YouTube is being criticized in court for censorship of two videos of an online discussion of the pandemic.
A preliminary injunction was issued by the Cologne Regional Court denouncing YouTube’s decision to delete two interviews among a series of interviews with experts and public figures about the COVID-19 pandemic.
According RT News, YouTube found two of those interviews unfit and erased them. The eliminated videos featured interviews with mathematics professor Stephan Luckhaus and neurobiologist Gerald Huther.
The German court called YouTube’s censorship “unjustified,” saying the platform failed to explain which parts of the interviews violated its community rules for health-related content.

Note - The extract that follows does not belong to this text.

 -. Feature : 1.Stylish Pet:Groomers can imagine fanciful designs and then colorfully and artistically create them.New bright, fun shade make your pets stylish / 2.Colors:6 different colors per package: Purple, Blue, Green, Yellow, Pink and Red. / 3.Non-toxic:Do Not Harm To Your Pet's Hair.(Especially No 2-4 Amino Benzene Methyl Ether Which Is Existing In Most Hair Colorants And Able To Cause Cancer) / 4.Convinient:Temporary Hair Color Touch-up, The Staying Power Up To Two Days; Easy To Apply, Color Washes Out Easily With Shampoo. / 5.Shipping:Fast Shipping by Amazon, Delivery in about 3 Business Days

Jan Schafer, the political director of the influential German tabloid Bild, hailed the court’s decision, calling YouTube’s increasingly broad use of censorship a “dangerous encroachment” on public discourse in Germany.
Bild was the first to obtain and cover the court injunction. It remains unclear how much influence the opinion of the German justice system will have on U.S.-based Google, the owner of YouTube.

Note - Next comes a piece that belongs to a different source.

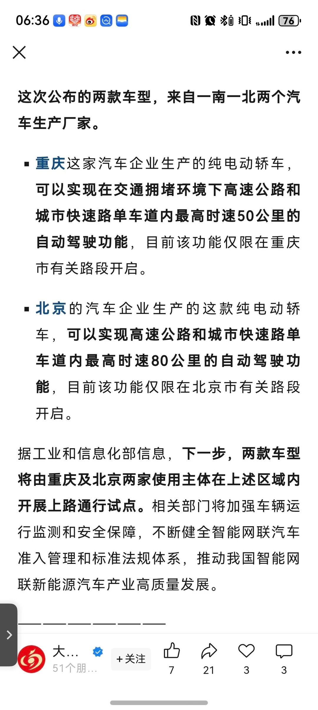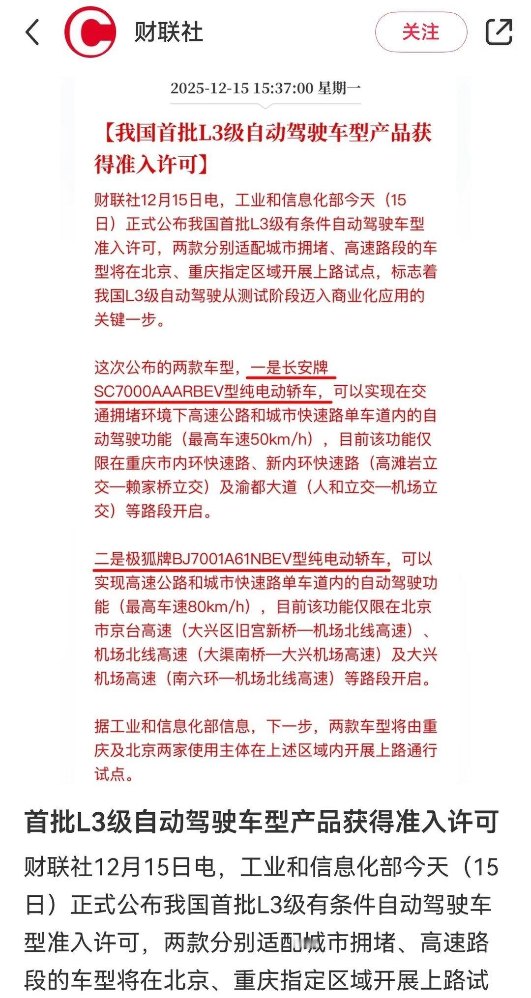 L3今天(15日),工业和信息化部正式公布我国首批L3级有条件自动驾驶车型准入许可,两款分别适配城市拥堵、高速路段的车型将在北京、重庆指定区域开展上路试点,标志着我国L3级自动驾驶从测试阶段迈入商业化应用的关键一步。这次公布的两款车型,来自重庆和北京财联社等媒体爆料这两家企业就是长安和北汽之前传了很久,这两家要拿第一批L3自动驾驶牌照,终于尘埃落地了还有人说这两家是赛力斯和小米,怎么可能[失望R]第一批肯定给国企啊,出事故方便兜底

This follows announcements that Google and YouTube would ban content related to climate change and vaccine misinformation.
A survey by Protocol earlier this year found that of 1,500 employees of big tech companies, 77% thought that Amazon, Apple, Google, and Facebook had too much power. Forty percent also said that the tech companies do more harm than good.
Global internet freedom has also declined for 11 consecutive years, according to Freedom House. The organization also notes that free expression online is under tremendous strain.
Anthony Pompliano, co-founder of Morgan Creek Digital and host of "The Pomp Podcast," had his channel deleted for content YouTube cited as "harmful and dangerous.” The deleted video discussed cryptocurrency, and the account and videos have since been restored.